For the assessment of Foundation skills in data analytics, you need to investigate the dataset interpret the result and than draw the conclusion while analysis the technomart (fictitious company) for

MIS770 Foundational Skills in Data Analysis

Assignment 2 Trimester 3 2017

Report and Discussion

Analysis of House Prices in Kingfisher Bay

Fitria Mandaraira Nurman

Student ID: 217091233

  1. Introduction

The main purpose of this report is to respond to the queries about Kingfisher Bay's housing and rental data. The given data has been tested and analyzed to answer different questions regarding the claims of the house prices. In total, there are 120 houses randomly selected from 60,000 houses in population. There are also included some variables data both numerical and categorical as the factors that considered to influence the house prices. The information in regard to the house physical condition, weekly rate and distance to the particular place also provided in the database.

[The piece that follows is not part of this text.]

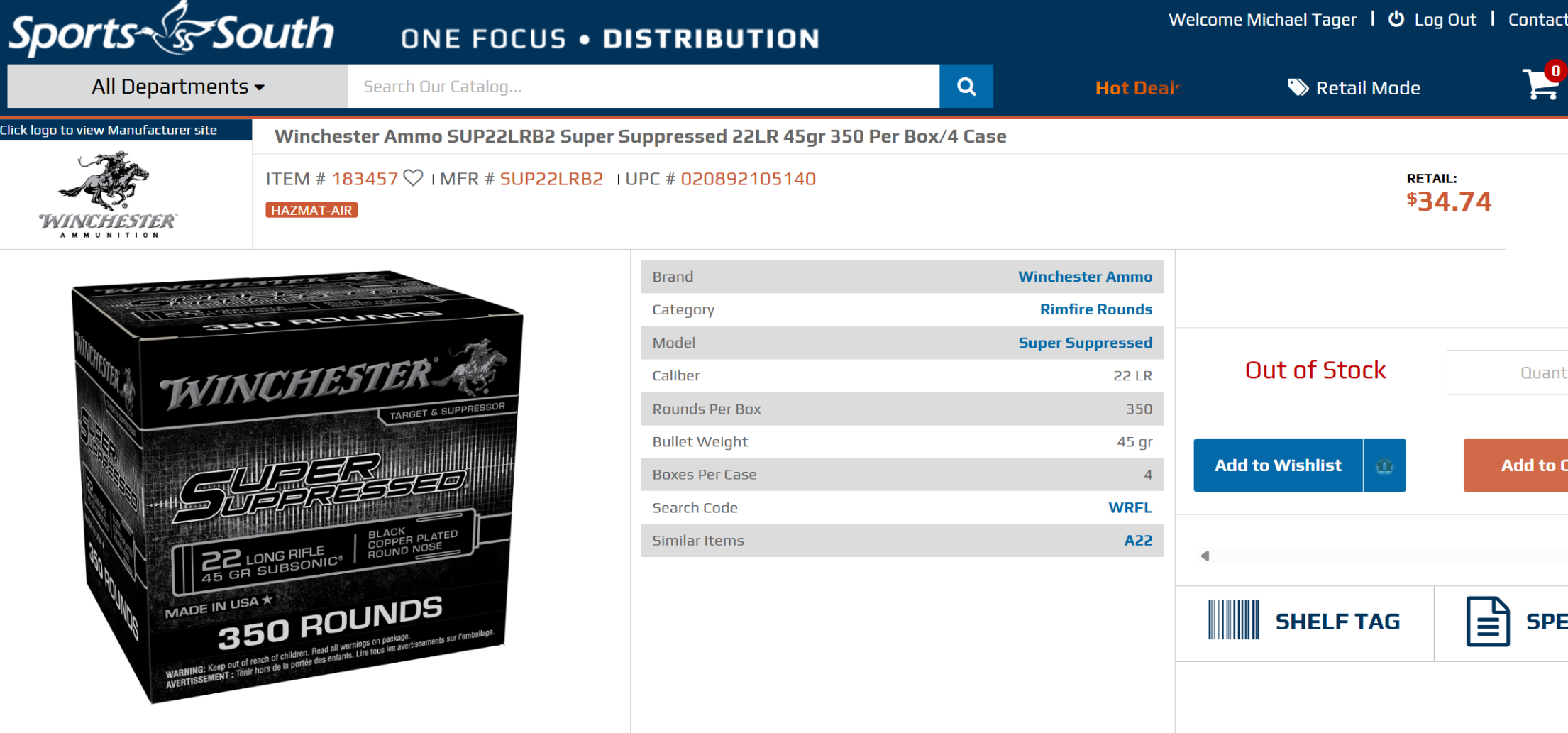 | Manufacturer Part # | SUP22LRB2 | Model | Rimfire |

The data regarding the queries are analyzed by using excel as a key tool for various testing and presentation in the form of diagrams and tables. The report of the summary is structure based on the queries received. First, the report provides the summary of the house prices and its relation to the house condition and suburb. Second, the report elaborates the factors that influence the house price. Third, this report presents the analysis of the claims about the weekly rent and development in the city. At last, the estimation of the sample size also advised in the report.

Therefore, it is hoped that the analysis in this report could provide the answer regarding the concerned of the house prices in Kingfisher Bay. Further, it is expected that the observations and response to the queries are useful for the Kingfisher Bay council to make further action and policy regarding the claims.

  1. Discussion and Data Analysis

Review of house prices in Kingfisher Bay

The descriptive analysis of the house prices in Kingfisher Bay is described in the attached excel file, in which focusing on the central tendency and dispersion of the house prices data. Based on the data summary, the figure of data distribution is right-skewed where that the values concentrate on the low-end scale between the smallest amounts and Q3 (quartile three). The analysis indicates that only small portion of the total sample houses has very high prices in Kingfisher Bay. This assumption also supported by the fact that the average house prices ($866,580) are higher than the median ($852,000). Therefore, it will be more useful to focus on the median rather than the mean since the distribution of the data is skewed. Besides, by using the median as the measure, the house price does not change in the presence of the outlier values in which could present the house price for the entire population.

In addition, the descriptive analysis also includes both sample variance and standard deviation to identify the variation of the data set. From the calculation, the standard deviation of the house prices is $324.95 which signify that the majority of the data are in between $561.63 and $1211.52. The range is calculated in the deduction and addition of the standard deviation and mean of the data set.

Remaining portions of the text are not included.